More importantly, you should understand why we implement it this way.

Engineering Goal of This Iteration

For a real production system, the first iteration should optimize for:

clear boundaries, not feature completeness
fast validation, not premature complexity
low refactor cost in next iteration

That is why this chapter intentionally does not implement a full Operator yet.

What We Deliberately Do Not Build Yet

Not included in this chapter:

CRD + reconcile loop
PVC/Ceph workflows
multi-cluster state aggregation
serverless runtime workflow

Reason: these features are important, but introducing them before we stabilize service boundaries makes troubleshooting much harder.

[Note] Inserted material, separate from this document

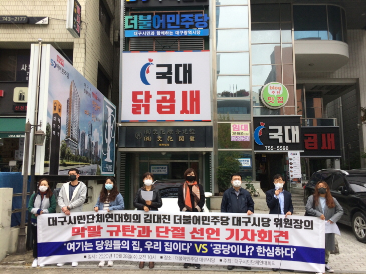 [°øµ¿±âÀÚȸ°ß] ¡®³«ÅÂÁË¡¯ Á¤ºÎÀÔ¹ý ¿¹°í¾È ±Ôź (10.12) 2019³â 4¿ù 11ÀÏ Çå¹ýÀçÆÇ¼Ò´Â ¡®³«ÅÂÁË¡¯¸¦ Çå¹ýºÒÇÕÄ¡ °áÁ¤À» ³»·È´Ù. Á¤ºÎ°¡ 10¿ù 7ÀÏ ¡®³«ÅÂÁË¡¯ °ü·Ã Çü¹ý°ú ¸ðÀÚº¸°Ç¹ý °³Á¤¾ÈÀ» ÀÔ¹ý¿¹°íÇÑ ³»¿ëÀ» º¸¸é ÀÌ¹Ì Çå¹ýÀçÆÇ¼Ò°¡ Çå¹ýºÒÇÕÄ¡ °áÁ¤À» ³»¸° 269Á¶ 1Ç×°ú 270Á¶ 1Ç×ÀÇ Ã³¹ú Á¶Ç×À» Çü¹ý¿¡ ±×´ë·Î Á¸Ä¡½ÃÄ×´Ù. ÀÌ¿¡ ¿©¼º´Üü µî 25°³ ´Üü´Â Á¤ºÎ ÀÔ¹ý¿¹°í¾ÈÀ» ±ÔźÇÏ°í ³«ÅÂÁË ¿ÏÀü ÆóÁö¿Í ¼º°ú Àç»ý»ê ±Ç¸®¸¦ º¸ÀåÇÒ °ÍÀ» Ã˱¸Çß´Ù. [¼º¸í] °øÁ÷¼±°Å¹ý °ø¼Ò½ÃÈ¿ ¸¸·á Àü, °ËÂûÀÇ ½Å¼ÓÇÏ°í ¾öÁ¤ÇÑ ¼ö»ç Ã˱¸ (10.12) ¿ì¸®º¹Áö½Ã¹Î¿¬ÇÕÀ¸·Î Á¦º¸ÇÑ A¾¾´Â B´Þ¼±¸ÀÇȸ ÀÇ¿øÀ» °øÁ÷¼±°Å¹ý À§¹ÝÀ¸·Î 10¿ù 12ÀÏ¿¡ ´ë±¸½Ã¼±°Å °ü¸®À§¿øÈ¸¿¡ ½Å°íÇß´Ù°í ¹àÇû´Ù. A¾¾´Â BÀÇ¿øÀÌ 4.15 ÃѼ±À» ¾ÕµÐ 3¿ù ¸» °æ¿¡ ´õºÒ¾î¹ÎÁÖ´ç ´Þ¼±¸ ¼±°ÅÄ·ÇÁ °ü°èÀÚ¿Í ÀÚ¿øºÀ»çÀÚ µî¿¡°Ô ½Ä»ç¸¦ Á¦°øÇß´Ù°í Á¦º¸Çß´Ù. ÀÌ¿¡ ¿ì¸®º¹Áö½Ã¹Î¿¬ÇÕÀº °øÁ÷¼±°Å¹ý 268Á¶¿¡ µû¶ó °ø¼Ò½ÃÈ¿°¡ 10¿ù 15ÀÏ ÀÚÁ¤¿¡ ¸¸·áµÊ¿¡ [°øµ¿¼º¸í] ´õºÒ¾î¹ÎÁÖ´ç ½Ã´çÀ§¿øÀå ¸·¸», °ø½Ä »ç°ú¾ø´Â ´ë±¸½Ã´ç °·Â ±Ôź (10.13) ´ë±¸½Ã¹Î´Üü¿¬´ëȸÀÇ´Â 9¿ù 22ÀÏ(È) ¡®´õºÒ¾î¹ÎÁÖ´ç ¼Ò¼Ó ´Þ¼±¸ÀÇȸ ÀÇ¿øµéÀÇ ¾÷¹«ÃßÁøºñ »çÀû À¯¿ë°ú °øÁ÷¼±°Å¹ý À§¹Ý ÀÇȤ¡¯ ±Ôź ±âÀÚȸ°ß ÈÄ Ç×ÀÇ ¹æ¹®ÇÑ ÀÚ¸®¿¡¼ ±è´ëÁø ´õºÒ¾î¹ÎÁÖ´ç ´ë±¸½Ã´ç À§¿øÀåÀÇ ¡®´ç¿øÀ̳ġ¯, ¡®´çºñ³»´Â ´ç¿øµéÀÇ Áý, ¿ì¸® ÁýÀÌ´Ù¡¯, ¡®¿¹ÀǸ¦ °®Ãß¾î¶ó¡¯, ¡®½Ã¹Î´Üü°¡ ¹«¾ùÀ» µµ¿ÍÁá´À³Ä¡¯ µî ¸·¸»ÀÌ À̾îÁ³´Ù. ÀÌ¿¡ ´ë±¸½Ã¹Î´Üü¿¬´ëȸÀÇ´Â ´õºÒ¾î¹ÎÁÖ´ç ´ë±¸½Ã´ç À§¿øÀåÀÇ °ø½Ä »ç°ú¸¦ 10¿ù 12ÀϱîÁö ¿ä±¸ÇÏ´Â °ø¹®À» 9¿ù 28ÀÏ º¸³ÂÀ¸³ª ¾Æ¹«·± ÀÀ´äÀÌ ¾ø¾î ±Ôź ¼º¸íÀ» ¹ßÇ¥ÇÏ°í °ø°³ ÁúÀǼ¸¦ º¸³Â´Ù. ´ë±¸½Ã´çÀ» ¡®¿ì¸® Áý¡¯À̶ó°í ÇßÀ¸´Ï Á¤¸» ¿ì¸® ÁýÀÎÁö ¿¹»êÀ» °ø°³ÇÒ °Í°ú ±è À§¿øÀåÀÌ ¹ß¾ð ÁøÀǸ¦ ¹àÈú °ÍÀ» ¿ä±¸Çß´Ù. [¼º¸í] 4.15ÃѼ± ¼±°Å»ç¹ü¿¡ ´ëÇÑ ¾öÁßÇÑ Ã³¹ú Ã˱¸ (10.16)
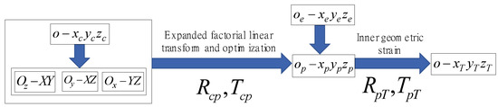 The order of magnitude of the control point coordinate located in is enormous compared to the corresponding virtual image coordinate. The centroid coordinate of all control points in is obtained, then the is a translation from to . It could effectively lower the order of magnitude of the control point coordinate.

Technology Selection in This Iteration

Constraints:

use standard library for HTTP (net/http)
use standard library for logging (log/slog)
avoid extra frameworks in the first implementation
include only required Kubernetes dependency (client-go)

require k8s.io/client-go v0.30.10

Why this choice:

fewer abstractions at start means easier debugging
lower cognitive load for readers new to engineering practice
we keep room to evolve later (Echo/Gin, zap, metrics stack) based on measured needs

Architecture (Iteration 1)

+-------------------+        +-------------------+
|   cmd/runtime     | -----> |   pkg/runtime     |
| (flags & signals) |        | (wire everything) |
+-------------------+        +---------+---------+
                                      |
                    +-----------------+-----------------+
                    |                                   |
          +---------v---------+               +---------v---------+
          |    pkg/api        |               |    pkg/jobs       |
          |   net/http        |               | status reporter   |
          +---------+---------+               +---------+---------+
                    |                                   |
                    +-----------------+-----------------+
                                      |
                            +---------v---------+
                            |   pkg/service     |
                            | use-cases         |
                            +----+---------+----+
                                 |         |
                        +--------v-+   +---v----------------+
                        | pkg/store |   | pkg/kube           |
                        | in-memory |   | client-go adapter  |
                        +-----------+   +--------------------+

Boundary rules:

api: transport only (decode/encode/status code)
service: business orchestration only
store: state operations only
runtime: wiring only

These rules prevent “everything in handler” code, which is the most common early-stage anti-pattern.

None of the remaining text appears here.